In this project, I implemented the second approach which is Dictionary(Rules) Based Sentiment Analysis. This

project is constructed on the combination of three sub projects.

Constructing Turkish Dictionary(Rules)
Creating Your Own Sklearn Classifier
Implementing Turkish Dictionary(Rules) Based Sentiment Analyzing

2.1. CONSTRUCTING TURKISH DICTIONARY(RULES)

At first, I examined English Dictionary Based Sentiment Analyzing tools. Then, I tried to create Dictionary of

Turkish Rules. Because of inadequate Turkish resources, I examined the English resources that have words with their

polarities. Finally, I found the SentiWordNet dataset. In this dataset, there are lots of words with their polarities. After

that, I started to process the dataset. At first, I smoothed the data and then translated the words into Turkish equivalents

using Google's Translation tool. Finally, I had sample rules (words with their polarities). For more

rules, please contact with me After setting rules, I stepped into the second phase of my project.

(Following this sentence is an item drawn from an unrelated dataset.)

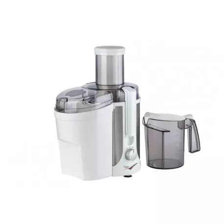 حداکثر توان مصرفی۵۰۰/کارکرد:تک کاره/تفاله جدا سوئیچ ایمنی/جنس تیغه (صافی)استیل ضد زن/گتوضیحات مخزن تفاله:دارای حجم ۲ لیترگنجایش مخزن آب میوه گیری۱تعداد تنظیمات سرعت۲امکانات و قابلیتها- دارای دو عدد میکروسوئیچ ایمنی دستگاه(فعال شدن در صورت بستن پوشش بالایی) - عایق کاری دوبل، دارای ۴ پایه لاستیکی چسبان ضد لرزش - دارای برس مخصوص برای تمیز کردن بسکت - دارای فیلتر و تیغه استیل - قابلیت جمع آوری سیم برق درون محفظه به صورت دستی - دارای گواهینامه استاندارد ایمنی محصولطول سیم۱.۵ سانتی مترجنس بدنه فلز و پلاستیکوزن۴.۶ گرم

2.2. CREATING YOUR OWN SKLEARN CLASSIFIER

In this part, I searched for Sklearn Classifiers in order to understand the concept of them and create my own

Sklearn Classifier.

2.2.1. BUILDING AN OBJECT

I created an Sklearn Text Classifier object by inheriting from Sklearn BaseEstimator and ClassifierMixin

classes. After that, I created some functions to implement my own Sklearn Classifier.

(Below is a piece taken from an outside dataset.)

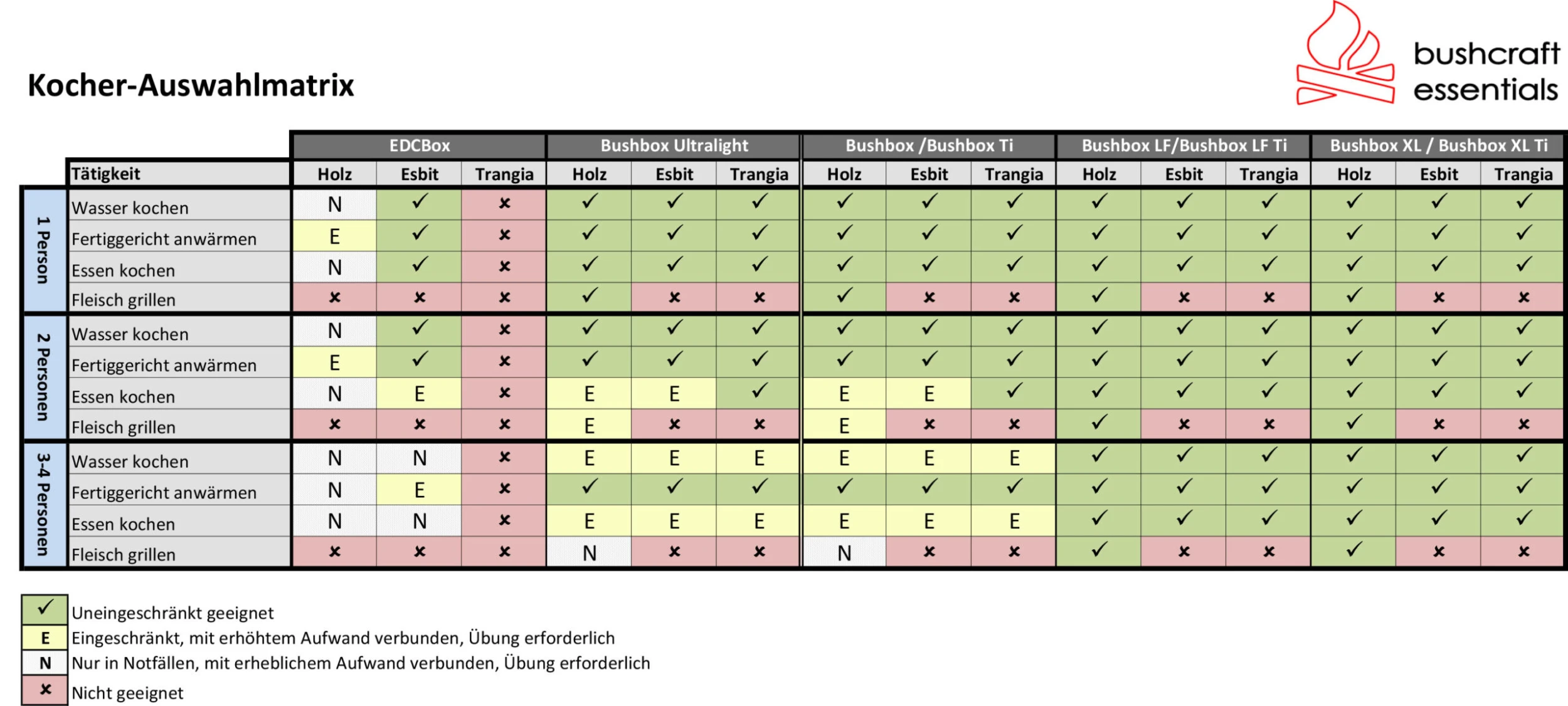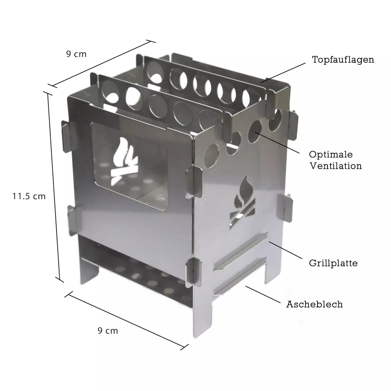 - mögliche Brennstoffe: Holz, Brennstofftabletten (z. B. Esbit), Brennpaste im Tiegel, Spiritusbrenner (z. B. Trangia)

2.2.2. ABIDING SKLEARN RULES

All arguments of init() must have default value. It helps us to initialize the Sklearn Classifier just by typing

DictionaryBasedSentimentAnalyzer()

2.2.3. FIT AND PREDICT METHODS

Every Sklearn Classsifier requires fit() and predict() method for classification

2.2.4. EXPLANATION OF SKLEARN CLASSIFIER'S METHODS

init()

Initially read the rules from the dictionary

fit()

Method for fitting the data

_generate_ngrams()

Method that generates unigrams and bigrams of the sentences

_data_prepare()

Method that preprocesses the unlabeled data

predictor()

Method that calculates the polarity of the data

predict()

Method for analyzing the sentiment of the data

score()

Method for calculating the accuracy score of predicted data

predict_proba()

Method for calculating the prediction probabilities of predicted data

Eventually, our new Sklearn Classifier is built. Then, I stepped into the last phase of my project.

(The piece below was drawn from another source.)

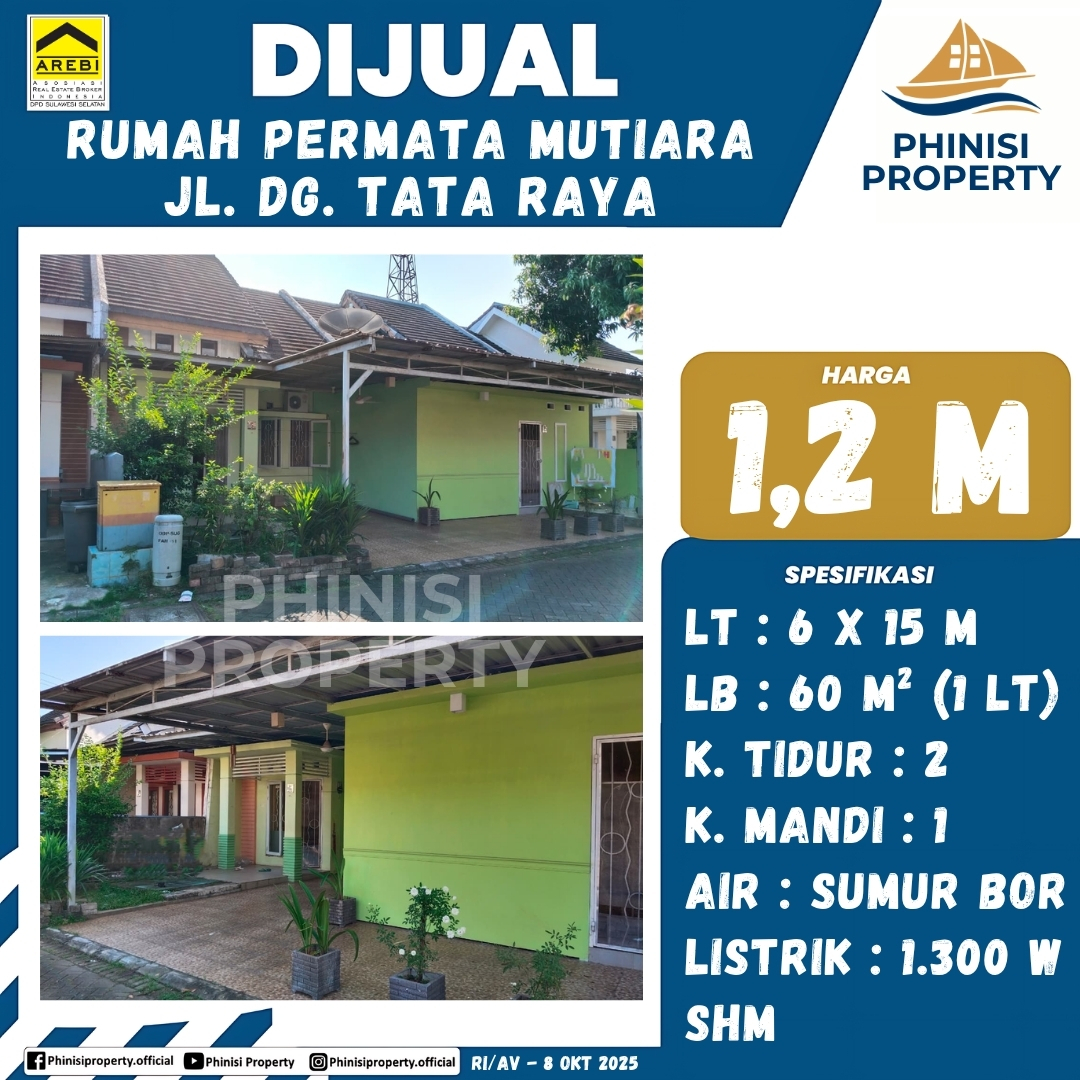 Temukan peluang menarik untuk memiliki Rumah Dijual di lokasi yang mudah dijangkau, Permata Mutiara, Jl. Dg. Tata Raya. Properti ini memiliki Luas Tanah (LT) 6 x 15 m dengan total luas 90 m2 (perkalian 6 m×15 m=90 m2 ). Bangunan 1 lantai ini menawarkan Luas Bangunan (LB) 60 m2 yang sudah tertata apik, sangat ideal bagi keluarga kecil. Unit ini dilengkapi dengan 2 Kamar Tidur (KT) dan 1 Kamar Mandi (KM). Dengan status kepemilikan Sertifikat Hak Milik (SHM), properti ini menawarkan legalitas yang jelas. Fasilitas yang tersedia mencakup pasokan Air Sumur Bor yang lancar serta daya Listrik 1.300 W. Lokasi yang strategis di Permata Mutiara menjadikan rumah ini pilihan hunian dan investasi yang cerdas.

2.3. IMPLEMENTING TURKISH DICTIONARY(RULES) BASED SENTIMENT ANALYZING

2.3.1. DICTIONARY(RULES) BASED SENTIMENT ANALYZING STEPS

2.3.1.1. DATA FETCHING

The first rule is to get adequate dataset to train your model efficiently. Here, I have sample movie

critics from Beyazperde. You can find it from this link.

2.3.1.2. DATA PREPROCESSING

This step is the crucial step for any kind of Machine Learning model training. Real life data is

not always clean. So, you must process your dataset as possible as. In Machine Learning, there

is a ratio that is, data preprocessing/cleaning is 80% and modelling is 20% of overall work. So, I

also splitted data preprocessing into sub steps.

2.3.1.2.1. LOAD DATASET

Dataset is in the form of csv file. For more dataset, please contact with me

2.3.1.2.2. ELIMINATE NAN VALUES

Nan values is not useful for training model

2.3.1.2.3. ELIMINATE PUNCTUATIONS

Punctuations are unnecessary for training model

2.3.1.2.4. NORMALIZATION

This corrects the miswritten words and throws meaningless words away

2.3.1.2.5. STEMMING/LEMMATIZATION

This removes the suffixes and gives us the root of each word

2.3.1.3. DATA CLASSIFICATION

In this step, I use my own Sklearn Classifier which is DictionaryBasedSentimentAnalyzer for Turkish

Dictionary Based Sentiment Analyzing. This classifier checks ngrams(unigram and bigram) of the sentences and

captures whether it matches our Sentiment Rules or not. If it matches, then it returns the polarity value

of that token. I also, splitted data classification into some sub steps.

2.3.1.3.1. FIT AND PREDICT

The model learns rules by fitting and analyzes the sentiment of the data by predicting

2.3.1.3.2. OBSERVING ACCURACY, F1, PRECISION AND RECALL SCORES

This scores are useful for comparing model’s success

2.3.1.3.3. OBSERVING CONFUSION MATRIX AND PREDICTION PROBABILITIES

This gives us an intuition of how confidently the model makes the predictions

2.3.1.3.4. TEN-FOLD CROSS VALIDATION

This shows us whether our model performs correctly or not

2.3.1.4. MODEL PIPELINING AND PICKLING

In this step, I create a pipeline for the model. Pipelining prevents us from repeating all steps again

and again. With the help of pipelining, when I give any raw unlabeled data, at first, the model preprocess

it and then, makes prediction. So, it makes our model reusable.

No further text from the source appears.